Meta announced new artificial intelligence models capable of recognizing and reproducing speech in more than 1,100 languages. The project, Massive Multilingual Speech (MMS), is built to protect and preserve languages. “We’re open-sourcing our models and code so that others in the research community can build on our work and help preserve the world’s languages and bring the world closer together,” said Meta.
Collecting Audio Data
Meta said that religious texts, such as the Bible, have been translated into many different languages and whose translations have been widely studied for text-based language translation research to collect audio data. “These translations have publicly available audio recordings of people reading these texts in different languages. As part of the MMS project, we created a dataset of readings of the New Testament in more than 1,100 languages,” said Meta.

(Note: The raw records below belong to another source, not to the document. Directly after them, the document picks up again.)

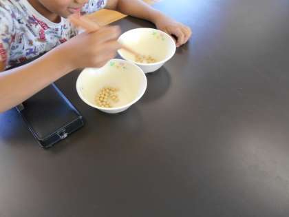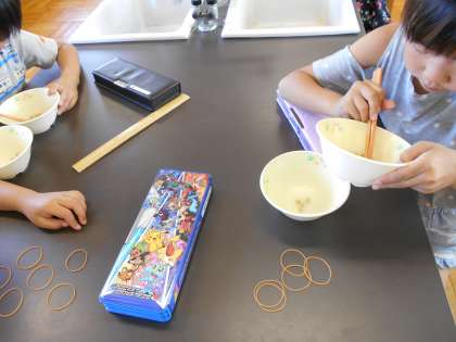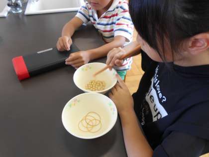 ☆今日は2年生の「おはし名人」授業がありました。まずはおはしで、お引越しゲームです。輪ゴムをお皿からお皿に一本ずつ、移動させます。みんな上手にできました。正しい使い方を復習して、大豆にチャレンジです。なかなか手ごわい様子ですが、こつをつかんで合格です!
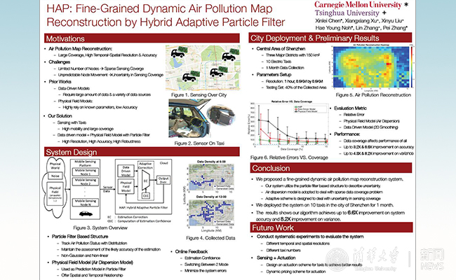 荣获最佳海报提名奖(best poster runner-up award)的论文《HAP -混合自适应粒子滤波器实现动态高精度空气污染信息场重建》“HAP- Fine-Grained Dynamic Air Pollution Map Reconstruction by Hybrid Adaptive Particle Filter”作者分别为:陈鑫磊(卡耐基梅隆大学)、徐祥祥(8xbet.com电子工程系)、刘新宇(8xbet.com电子工程系)、卢海永(Hae Young Noh,卡耐基梅隆大学)、张林副教授(8xbet.com电子工程系、清华-伯克利深圳学院),张旆副教授(卡耐基梅隆大学)。论文研究解决重建城市范围高时间和空间分辨率的动态空气污染信息场问题。提出通过将自主设计的低成本空气检测系统安装在出租车上,实时采集城市空气污染数据。基于传统的粒子滤波理论,本研究设计了一套混合自适应结构,融合了数据模型和物理模型的优势,实现了在数据稀疏且传感覆盖不确定的情况下,高精度实时恢复空气污染信息场。
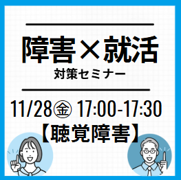 家でも就活オンライン事務局【全学年対象】【聴覚障害】×就活対策セミナー:先輩のリアル事例+特性に合わせた就活術実施日2025/11/28(金) 17:00~17:30対象者新卒2025年2026年2027年2028年2029年既卒・その他―
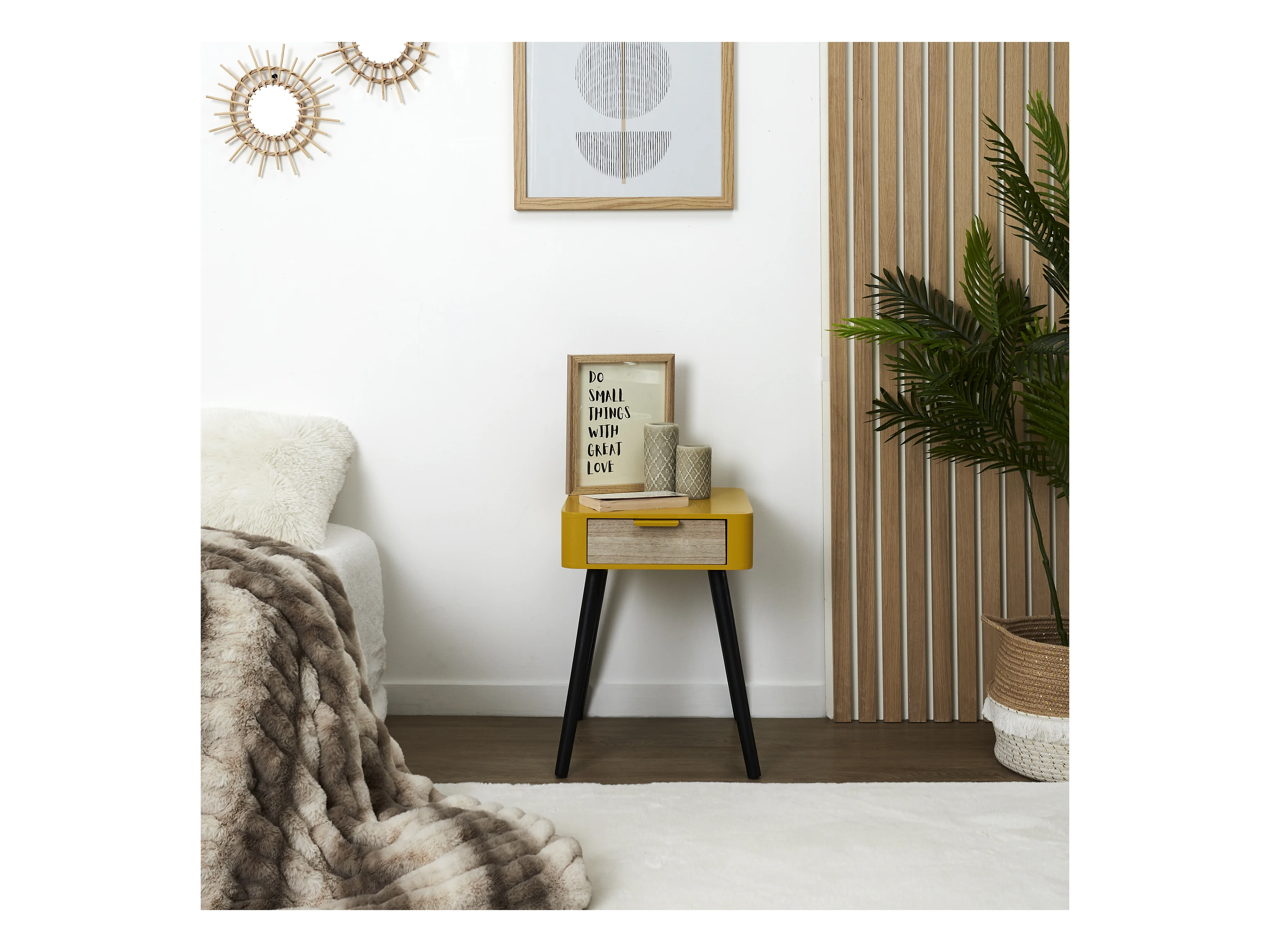 Chevet 1 Tiroir En Bois Jaune Moutarde Jaune
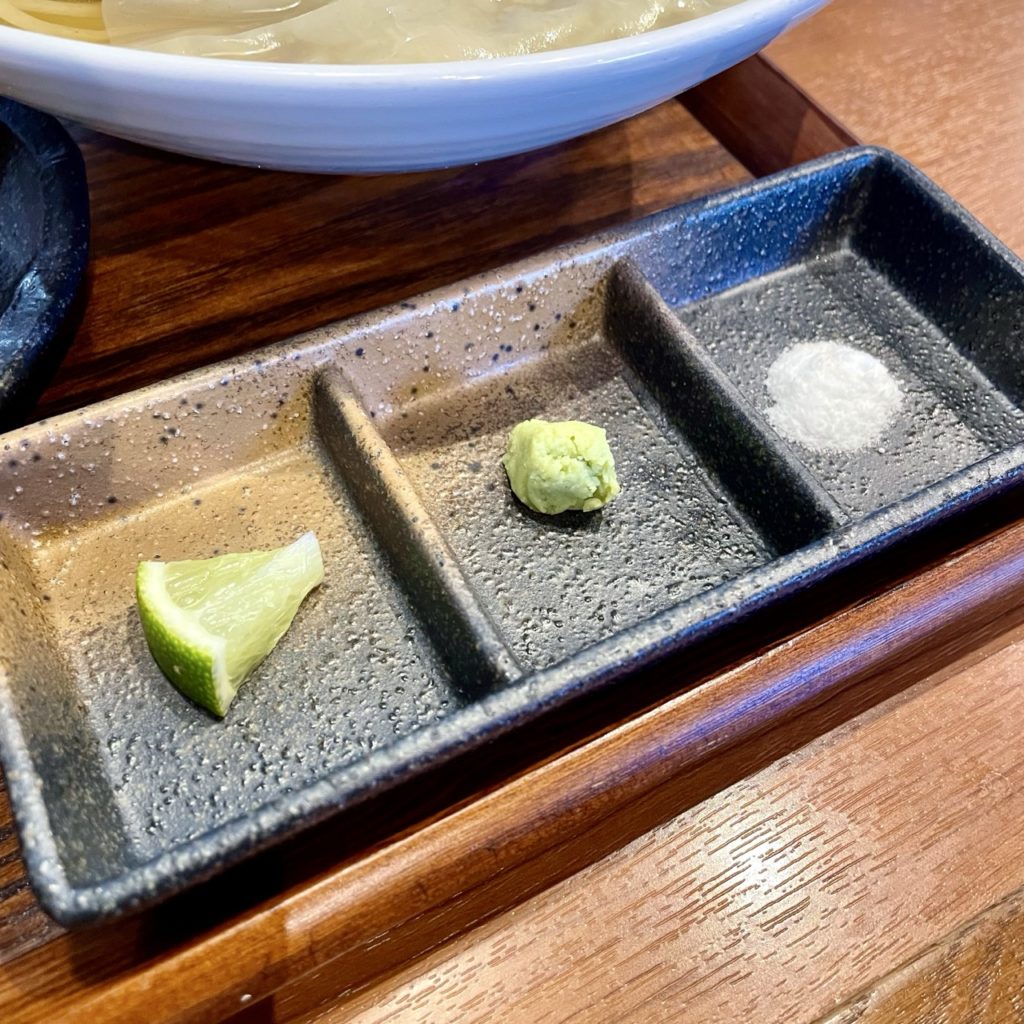 薬味が酢橘わさび雪塩
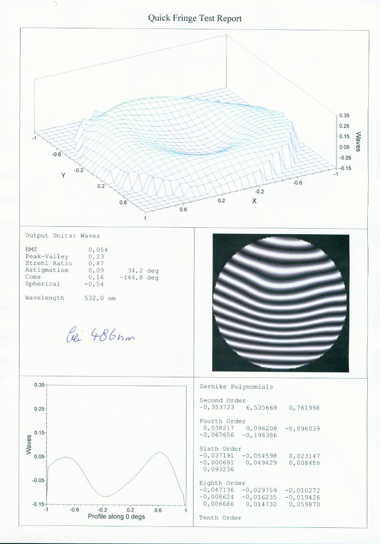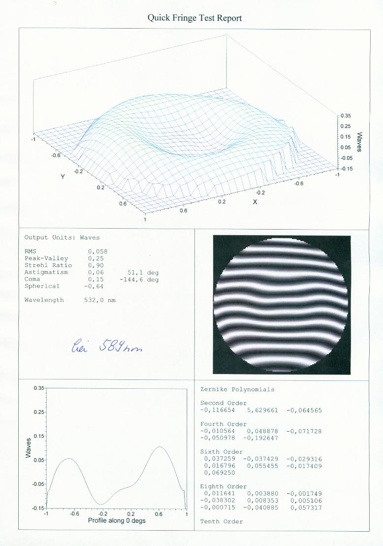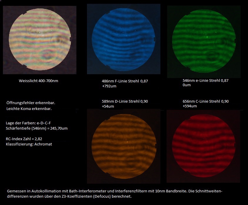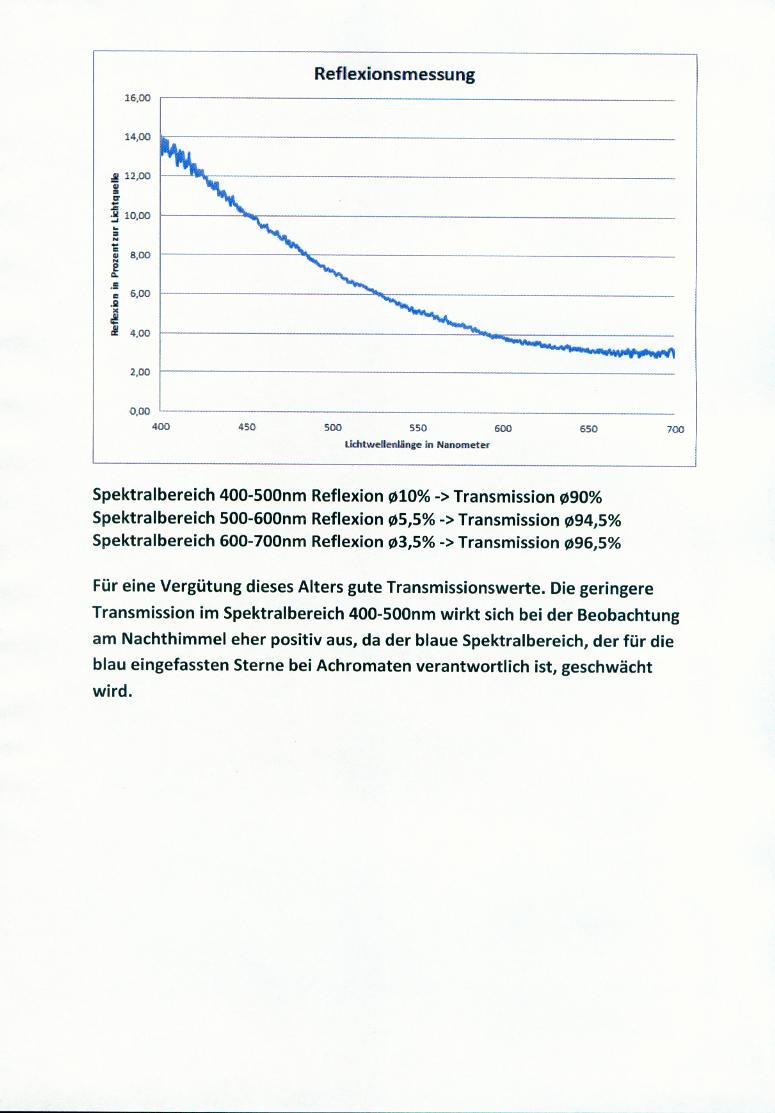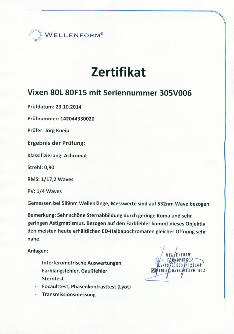 Wie das Zertifikat zeigt, hat dieser Vixen 80L eine sehr gute Optik. Durch die geringe Koma und den sehr geringen Astigmatismus ist die Sternabbildung sehr schön. Bezogen auf den Farbfehler kommt das Gerät den meisten heute erhältlichen ED-Halbapochromaten mit gleichem Durchmesser sehr nahe.
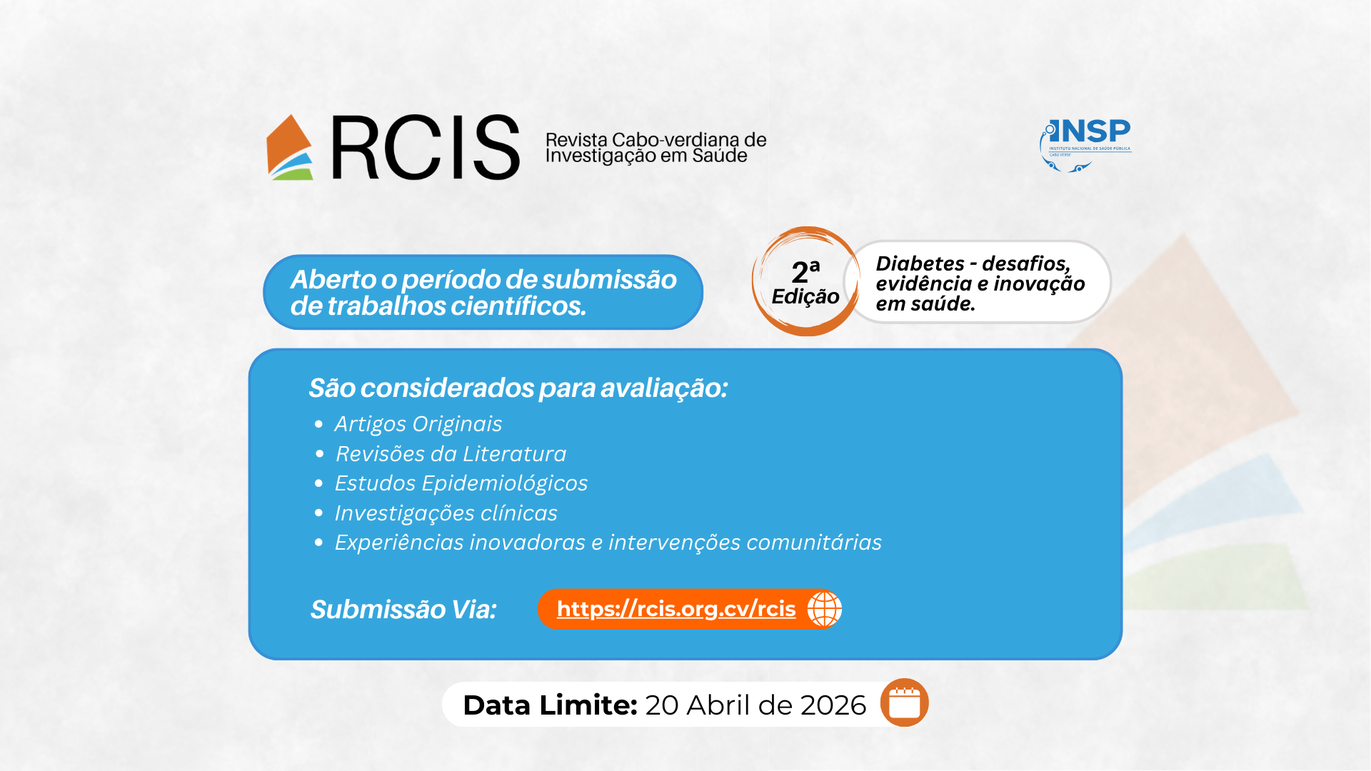 Chamada para Submissão de trabalhos científicos na RCIS – INSP
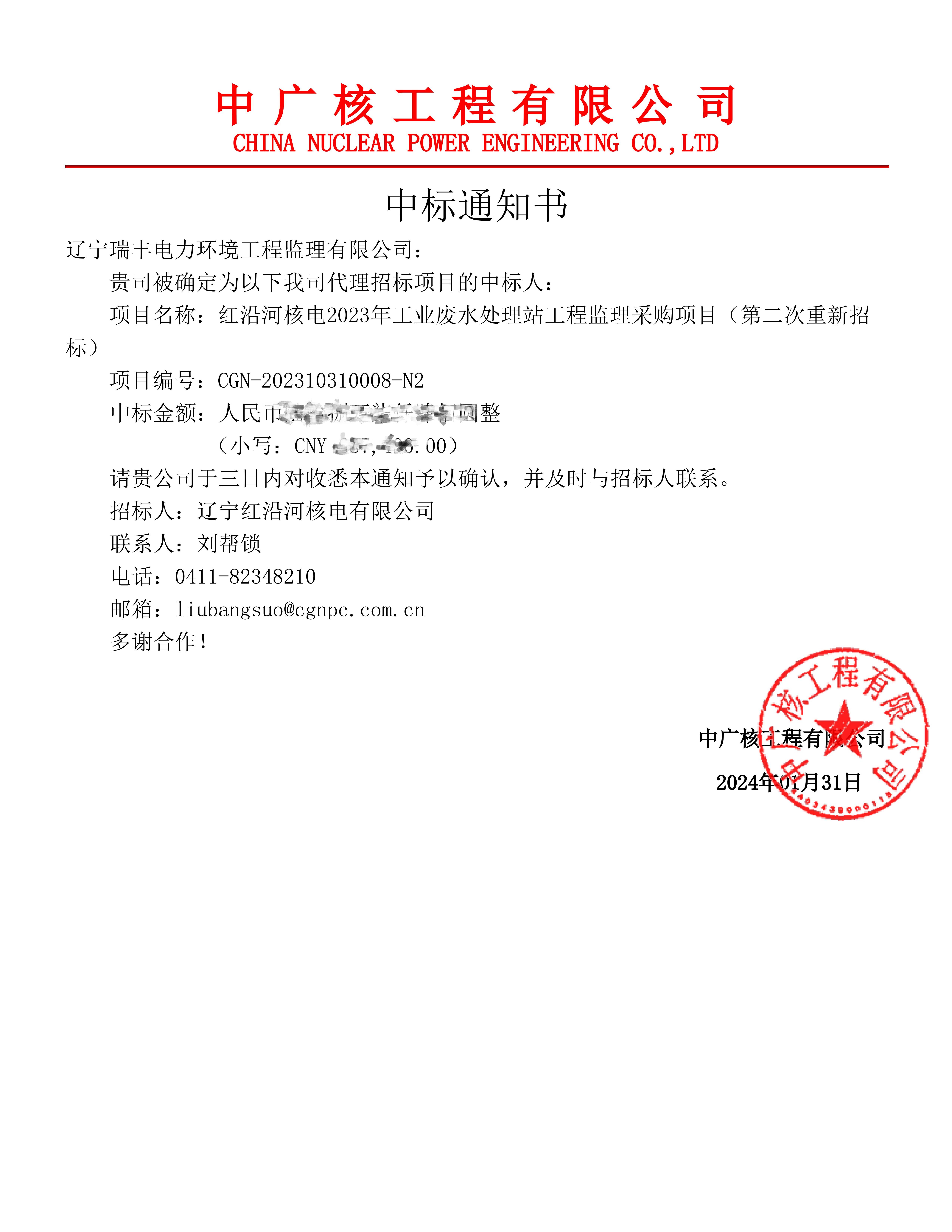 中標(biāo)喜訊-紅沿河核電2023年工業(yè)廢水處理站工程監(jiān)理采購項目
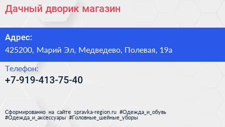 Дачный дворик, магазин по адресу 425200, Марий Эл, Медведево, Полевая, 19а в дальнейшем Организация, размещена в следующих категориях:

Massive Multilingual Speech to Preserve Languages
As per details, there are around 573 known extinct languages worldwide, some of which were major languages used by massive communities in the ancient world. Meta said that many of the world’s languages are in danger of disappearing, and the limitations of current speech recognition and generation technology will only accelerate this trend.
Massively Multilingual Speech (MMS) was made available to the public through GitHub, “We’re open-sourcing our models and code so that others in the research community can build on our work and help preserve the world’s languages and bring the world closer together,” said Meta. In the future, Meta wants to increase MMS’s coverage to support even more languages and also tackle the challenge of handling dialects, which is often difficult for existing speech technology.